Top of RECORDS TO PROCESS

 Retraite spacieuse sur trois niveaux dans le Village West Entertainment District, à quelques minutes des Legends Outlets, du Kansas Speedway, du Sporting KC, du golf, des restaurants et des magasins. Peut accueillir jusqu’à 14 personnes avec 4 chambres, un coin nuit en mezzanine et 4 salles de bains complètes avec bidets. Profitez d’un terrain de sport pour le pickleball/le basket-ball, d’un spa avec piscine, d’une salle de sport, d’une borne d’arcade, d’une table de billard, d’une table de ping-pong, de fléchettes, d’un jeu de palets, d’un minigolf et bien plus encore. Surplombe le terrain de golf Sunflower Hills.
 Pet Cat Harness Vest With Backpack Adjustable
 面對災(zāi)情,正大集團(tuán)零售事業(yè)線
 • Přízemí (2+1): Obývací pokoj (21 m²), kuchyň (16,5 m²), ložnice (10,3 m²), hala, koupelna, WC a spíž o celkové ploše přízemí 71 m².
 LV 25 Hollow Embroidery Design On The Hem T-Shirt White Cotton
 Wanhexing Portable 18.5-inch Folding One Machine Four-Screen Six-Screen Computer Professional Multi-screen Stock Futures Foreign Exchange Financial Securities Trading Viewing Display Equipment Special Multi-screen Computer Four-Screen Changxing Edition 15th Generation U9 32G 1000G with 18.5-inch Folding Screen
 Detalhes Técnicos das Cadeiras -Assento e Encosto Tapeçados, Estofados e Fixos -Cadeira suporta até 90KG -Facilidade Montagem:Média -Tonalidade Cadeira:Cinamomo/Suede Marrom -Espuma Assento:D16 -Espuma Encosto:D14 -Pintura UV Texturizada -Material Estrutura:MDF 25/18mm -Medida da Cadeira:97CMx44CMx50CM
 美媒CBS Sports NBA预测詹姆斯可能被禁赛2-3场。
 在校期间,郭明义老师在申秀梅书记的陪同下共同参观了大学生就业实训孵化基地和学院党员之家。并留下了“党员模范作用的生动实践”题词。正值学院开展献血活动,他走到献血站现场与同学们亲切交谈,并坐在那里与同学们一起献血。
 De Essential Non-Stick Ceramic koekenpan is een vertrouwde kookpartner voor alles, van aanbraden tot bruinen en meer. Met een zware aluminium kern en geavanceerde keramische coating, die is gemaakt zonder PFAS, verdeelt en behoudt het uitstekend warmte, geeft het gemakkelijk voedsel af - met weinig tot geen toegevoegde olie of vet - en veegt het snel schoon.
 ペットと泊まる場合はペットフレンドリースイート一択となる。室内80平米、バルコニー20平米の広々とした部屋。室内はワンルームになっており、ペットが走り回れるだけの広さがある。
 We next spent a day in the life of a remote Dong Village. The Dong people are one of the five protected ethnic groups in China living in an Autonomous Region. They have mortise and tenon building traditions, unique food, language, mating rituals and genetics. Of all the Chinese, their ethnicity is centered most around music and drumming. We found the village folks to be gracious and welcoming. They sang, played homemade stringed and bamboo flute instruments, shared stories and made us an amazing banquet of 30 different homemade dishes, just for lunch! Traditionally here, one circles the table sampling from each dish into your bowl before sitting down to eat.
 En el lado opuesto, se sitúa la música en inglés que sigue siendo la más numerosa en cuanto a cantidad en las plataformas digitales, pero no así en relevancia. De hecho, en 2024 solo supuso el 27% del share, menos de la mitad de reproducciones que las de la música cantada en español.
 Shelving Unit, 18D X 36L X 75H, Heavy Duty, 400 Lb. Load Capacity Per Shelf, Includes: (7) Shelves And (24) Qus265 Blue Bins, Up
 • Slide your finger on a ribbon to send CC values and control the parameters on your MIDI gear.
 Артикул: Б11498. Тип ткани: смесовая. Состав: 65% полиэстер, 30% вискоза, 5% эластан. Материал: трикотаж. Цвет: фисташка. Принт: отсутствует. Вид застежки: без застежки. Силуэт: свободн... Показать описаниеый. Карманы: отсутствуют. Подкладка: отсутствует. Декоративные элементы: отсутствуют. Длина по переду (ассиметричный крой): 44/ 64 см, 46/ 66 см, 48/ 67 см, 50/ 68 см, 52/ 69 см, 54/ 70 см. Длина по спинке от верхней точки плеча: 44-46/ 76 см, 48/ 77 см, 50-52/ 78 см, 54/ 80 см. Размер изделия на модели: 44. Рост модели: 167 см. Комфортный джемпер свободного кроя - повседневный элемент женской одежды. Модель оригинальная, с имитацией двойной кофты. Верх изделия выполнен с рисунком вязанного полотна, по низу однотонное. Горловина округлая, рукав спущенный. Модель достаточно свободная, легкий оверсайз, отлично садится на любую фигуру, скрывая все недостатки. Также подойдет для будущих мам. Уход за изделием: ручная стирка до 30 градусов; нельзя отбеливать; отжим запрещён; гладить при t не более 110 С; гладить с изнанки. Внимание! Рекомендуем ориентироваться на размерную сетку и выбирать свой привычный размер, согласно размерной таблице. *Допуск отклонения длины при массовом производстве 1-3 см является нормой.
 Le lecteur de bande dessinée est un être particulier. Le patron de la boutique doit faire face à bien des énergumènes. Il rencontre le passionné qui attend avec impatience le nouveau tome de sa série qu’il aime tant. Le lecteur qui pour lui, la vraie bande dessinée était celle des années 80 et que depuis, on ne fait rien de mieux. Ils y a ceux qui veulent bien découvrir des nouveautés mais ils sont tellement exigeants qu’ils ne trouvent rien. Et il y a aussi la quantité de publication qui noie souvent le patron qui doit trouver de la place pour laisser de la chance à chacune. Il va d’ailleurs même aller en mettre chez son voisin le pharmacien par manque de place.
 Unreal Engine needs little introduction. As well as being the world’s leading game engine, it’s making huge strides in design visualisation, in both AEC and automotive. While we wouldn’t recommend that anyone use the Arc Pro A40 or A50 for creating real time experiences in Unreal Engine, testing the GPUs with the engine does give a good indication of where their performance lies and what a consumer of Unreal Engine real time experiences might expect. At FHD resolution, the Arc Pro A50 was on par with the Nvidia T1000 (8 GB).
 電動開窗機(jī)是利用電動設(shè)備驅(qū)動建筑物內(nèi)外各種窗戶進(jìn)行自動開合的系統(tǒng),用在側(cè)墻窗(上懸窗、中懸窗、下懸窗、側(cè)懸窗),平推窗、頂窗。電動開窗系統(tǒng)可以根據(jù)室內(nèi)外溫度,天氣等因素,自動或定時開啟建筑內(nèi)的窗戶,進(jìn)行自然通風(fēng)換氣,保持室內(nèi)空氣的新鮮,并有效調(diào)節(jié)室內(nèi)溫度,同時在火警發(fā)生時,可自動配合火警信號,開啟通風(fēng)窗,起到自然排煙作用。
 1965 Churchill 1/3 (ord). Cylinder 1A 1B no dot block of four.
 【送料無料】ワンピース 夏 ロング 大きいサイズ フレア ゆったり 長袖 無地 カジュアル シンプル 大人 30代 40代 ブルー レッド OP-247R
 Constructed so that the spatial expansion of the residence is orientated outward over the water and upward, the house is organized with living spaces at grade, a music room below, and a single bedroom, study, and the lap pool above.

Bottom of RECORDS TO PROCESS

Using the data above, extract exactly the lines from the one that holds "your MIDI gear." to the one that holds "Артикул: Б11498. Тип", both ends included, and no others.

■ **WORKED SOLUTION**:
 • Slide your finger on a ribbon to send CC values and control the parameters on your MIDI gear.
 Артикул: Б11498. Тип ткани: смесовая. Состав: 65% полиэстер, 30% вискоза, 5% эластан. Материал: трикотаж. Цвет: фисташка. Принт: отсутствует. Вид застежки: без застежки. Силуэт: свободн... Показать описаниеый. Карманы: отсутствуют. Подкладка: отсутствует. Декоративные элементы: отсутствуют. Длина по переду (ассиметричный крой): 44/ 64 см, 46/ 66 см, 48/ 67 см, 50/ 68 см, 52/ 69 см, 54/ 70 см. Длина по спинке от верхней точки плеча: 44-46/ 76 см, 48/ 77 см, 50-52/ 78 см, 54/ 80 см. Размер изделия на модели: 44. Рост модели: 167 см. Комфортный джемпер свободного кроя - повседневный элемент женской одежды. Модель оригинальная, с имитацией двойной кофты. Верх изделия выполнен с рисунком вязанного полотна, по низу однотонное. Горловина округлая, рукав спущенный. Модель достаточно свободная, легкий оверсайз, отлично садится на любую фигуру, скрывая все недостатки. Также подойдет для будущих мам. Уход за изделием: ручная стирка до 30 градусов; нельзя отбеливать; отжим запрещён; гладить при t не более 110 С; гладить с изнанки. Внимание! Рекомендуем ориентироваться на размерную сетку и выбирать свой привычный размер, согласно размерной таблице. *Допуск отклонения длины при массовом производстве 1-3 см является нормой.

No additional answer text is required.